What is true is that young men who are raised in a home where there has been domestic violence are 400% more likely to be aggressive toward women than men who were not. When I went to the 40 hour domestic violence training offered by A Safe Place, (http://www.asafeplaceforhelp.org/ ) this summer that statistic blew my mind.

In general about 1 in 4 women will experience intimate partner violence at some time in their life but only 1 in 28 men will be perpetrators. What that tells us is the same men are making the rounds and abusing large numbers of women.

No Mother wants their son to be "that guy". No young man grows up wanting to become an abuser, in fact most vow they never will and in the aftermath of violence most abusers are sincere when they claim they regret their actions and vow to never do it again.

At this point what can you do? Explain your fears to your son. Do not accuse him of being a potential abuse perpetrator, just tell him how you love him and you are starting to fear him. Tell him that the way you see it he either can control his anger, or he can't. If he can then he needs to be responsible for his actions and not let his rage control him. If he can't he needs to get into counseling and more than likely on some medication.

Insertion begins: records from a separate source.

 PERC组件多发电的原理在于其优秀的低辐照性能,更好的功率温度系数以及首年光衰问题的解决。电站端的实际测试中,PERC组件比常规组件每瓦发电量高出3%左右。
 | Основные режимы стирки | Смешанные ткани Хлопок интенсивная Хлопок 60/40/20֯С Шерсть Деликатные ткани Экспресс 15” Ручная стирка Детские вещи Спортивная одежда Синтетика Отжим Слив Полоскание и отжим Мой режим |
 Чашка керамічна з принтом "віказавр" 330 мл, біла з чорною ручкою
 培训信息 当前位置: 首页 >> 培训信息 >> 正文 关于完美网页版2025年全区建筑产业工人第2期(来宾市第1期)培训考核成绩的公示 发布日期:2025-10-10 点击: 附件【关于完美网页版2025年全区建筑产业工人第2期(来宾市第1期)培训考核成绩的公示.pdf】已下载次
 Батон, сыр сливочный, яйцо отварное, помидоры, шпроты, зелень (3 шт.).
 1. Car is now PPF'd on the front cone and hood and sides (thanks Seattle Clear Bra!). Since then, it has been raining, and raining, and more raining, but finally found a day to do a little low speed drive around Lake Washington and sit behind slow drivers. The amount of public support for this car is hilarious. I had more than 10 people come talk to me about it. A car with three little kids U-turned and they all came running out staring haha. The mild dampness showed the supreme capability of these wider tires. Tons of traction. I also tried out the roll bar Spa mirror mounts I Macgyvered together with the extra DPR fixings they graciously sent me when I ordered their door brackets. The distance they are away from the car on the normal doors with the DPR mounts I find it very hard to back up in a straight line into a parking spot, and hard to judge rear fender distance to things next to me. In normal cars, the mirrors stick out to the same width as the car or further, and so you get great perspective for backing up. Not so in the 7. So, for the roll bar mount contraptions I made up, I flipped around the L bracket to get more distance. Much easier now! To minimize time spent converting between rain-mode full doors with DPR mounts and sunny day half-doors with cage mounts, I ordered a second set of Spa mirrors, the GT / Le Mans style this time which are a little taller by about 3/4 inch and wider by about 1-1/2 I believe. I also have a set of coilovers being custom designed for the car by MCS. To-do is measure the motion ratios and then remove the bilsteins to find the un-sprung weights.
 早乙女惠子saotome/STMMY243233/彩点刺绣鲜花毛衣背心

99.9% of violent acts could be controlled by the perpetrator (even if they are under the influence of drugs and alcohol) if they had a strong enough fear of the consequence. A great example used in perpetrator training is to ask if there is any circumstance, no matter how high or drunk a person was, if they would eat a dog turd on a bun. The men always say that it would never ever ever happen. Why not? Because even when we are inebriated we know what we are doing.

.01% of the time a person has truly lost control and would act out violently even if there was a gun to their head. This means the person has a mental health disorder and needs treatment (even if they are healthy and normal the vast majority of the time) Post Traumatic Stress Disorder is the most commonly correlated mental health issue to this problem.

Part of you wants to be at fault for the way your son is acting because then you would know who to blame, and I get the feeling you are used to blaming yourself for things. It is something you are comfortable with even though you hate it. Sorry, it is not his Father's genetics or your love life decisions that are responsible for your son's actions. It is all up to him. As a Mother all you can do at this point is tell him how is actions impact you and the relationship you have with him. I doubt he is happy acting this way and together hopefully you can find him some counseling to get him to move toward a healthy adulthood.